Stocks saw considerable weakness during the trading session on Thursday, extending the pullback seen in afternoon trading on Wednesday. With the drop on the day, the Dow gave back ground after ending yesterday’s trading at a record closing high.
The major averages climbed well off their worst levels of the session but still finished the day firmly in the red. The Dow tumbled 200.91 points or 0.8 percent to 26,627.48, the Nasdaq plunged 145.57 points or 1.8 percent to 7,879.51 and the S&P 500 slumped 23.90 points or 0.8 percent to 2,901.61.
The notable weakness on Wall Street came as a recent jump by U.S. treasury yields has raised concerns about the outlook for interest rates.
With the ten-year yield reaching its highest levels in over seven years, traders seem worried the Federal Reserve may raise rates more aggressively than currently anticipated.
Adding to the concerns Fed Chairman Jerome Powell said in remarks at the Atlantic Festival in Washington, D.C. after the close of trading on Wednesday that interest rates are “a long way from neutral” even after recent increases.
“The really extremely accommodative low interest rates that we needed when the economy was quite weak, we don’t need those anymore. They’re not appropriate anymore,” Powell told Judy Woodruff of PBS.
“Interest rates are still accommodative, but we’re gradually moving to a place where they will be neutral,” he added. “We may go past neutral, but we’re a long way from neutral at this point.”
On the U.S. economic front, the Labor Department released a report showing a bigger than expected drop in initial jobless claims in the week ended September 29th.
The Labor Department said initial jobless claims fell to 207,000, a decrease of 8,000 from the previous week’s revised level of 215,000.
Economists had expected jobless claims to edge down to 213,000 from the 214,000 originally reported for the previous week.
A separate report from the Commerce Department showed a bigger than expected rebound in factory orders in the month of August.

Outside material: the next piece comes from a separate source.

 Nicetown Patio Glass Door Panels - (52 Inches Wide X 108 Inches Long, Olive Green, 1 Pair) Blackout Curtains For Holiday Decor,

The Commerce Department said factory orders surged up by 2.3 percent in August after falling by a revised 0.5 percent in July, while economists had expected factory orders to jump by 2.1 percent
Biotechnology stocks saw substantial weakness on the day, resulting in a 2.4 percent slump by the NYSE Arca Biotechnology Index. The index pulled back further off the record closing high set a week ago.

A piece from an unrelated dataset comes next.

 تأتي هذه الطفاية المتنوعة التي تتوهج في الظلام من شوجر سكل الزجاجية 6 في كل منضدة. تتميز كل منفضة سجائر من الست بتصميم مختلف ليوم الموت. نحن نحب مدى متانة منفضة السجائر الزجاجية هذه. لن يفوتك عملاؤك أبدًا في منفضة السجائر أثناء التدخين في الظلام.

Celgene (CELG), Gilead Sciences (GILD), and Biogen (BIIB) turned in some of the biotech sector’s worst performances.
Considerable weakness was also visible among tobacco stocks, which extended the pullback seen in the previous session. The NYSE Arca Tobacco Index plunged by 2 percent, largely offsetting the spike seen on Tuesday.

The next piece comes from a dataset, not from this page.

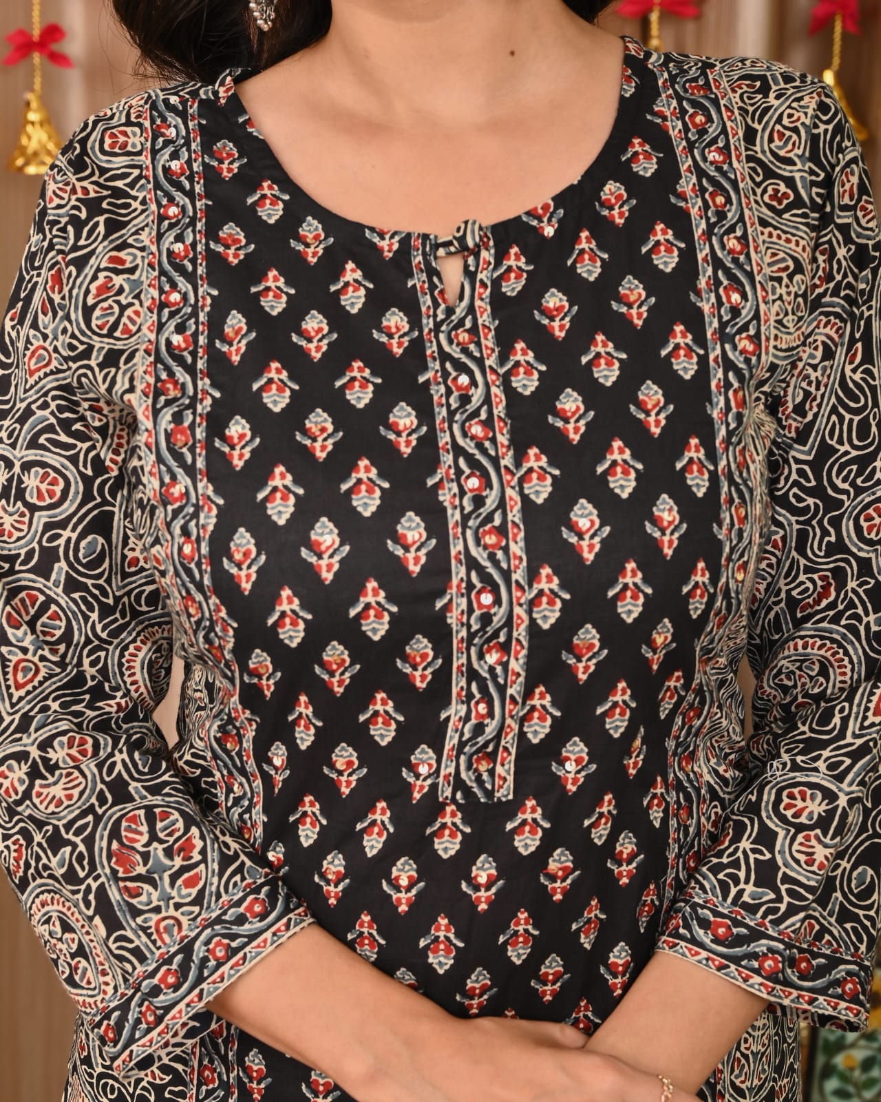• Kurta Type: Straight-fit with traditional motifs

Semiconductor stocks also showed a significant move to the downside, dragging the Philadelphia Semiconductor Index down by 1.8 percent.
Retail, steel, housing, and computer hardware stocks also saw notable weakness on the day, while brokerage stocks bucked the downtrend.
In overseas trading, stock markets across the Asia-Pacific region moved mostly lower during trading on Thursday. Japan’s Nikkei 225 Index fell by 0.6 percent, while Hong Kong’s Hang Seng Index plunged by 1.7 percent.
The major European markets also moved to the downside on the day. While the German DAX Index fell by 0.4 percent, the U.K.’s FTSE 100 Index and the French CAC 40 Index slumped by 1.2 percent and 1.5 percent, respectively.
In the bond market, treasuries moved lower, extending the sharp drop seen in the previous session. As a result, the yield on the benchmark ten-year note, which moves opposite of its price, rose by 3.6 basis points to 3.197 percent.
On Friday, trading is likely to be driven by reaction to the Labor Department’s closely watched monthly employment report.
The report is expected to show employment climbed by about 185,000 jobs in September after jumping by 201,000 jobs in August. The unemployment rate is expected to dip to 3.8 percent from 3.9 percent.
The monthly jobs data is likely to overshadow a separate report on the U.S. trade deficit as well as remarks by Federal Reserve officials.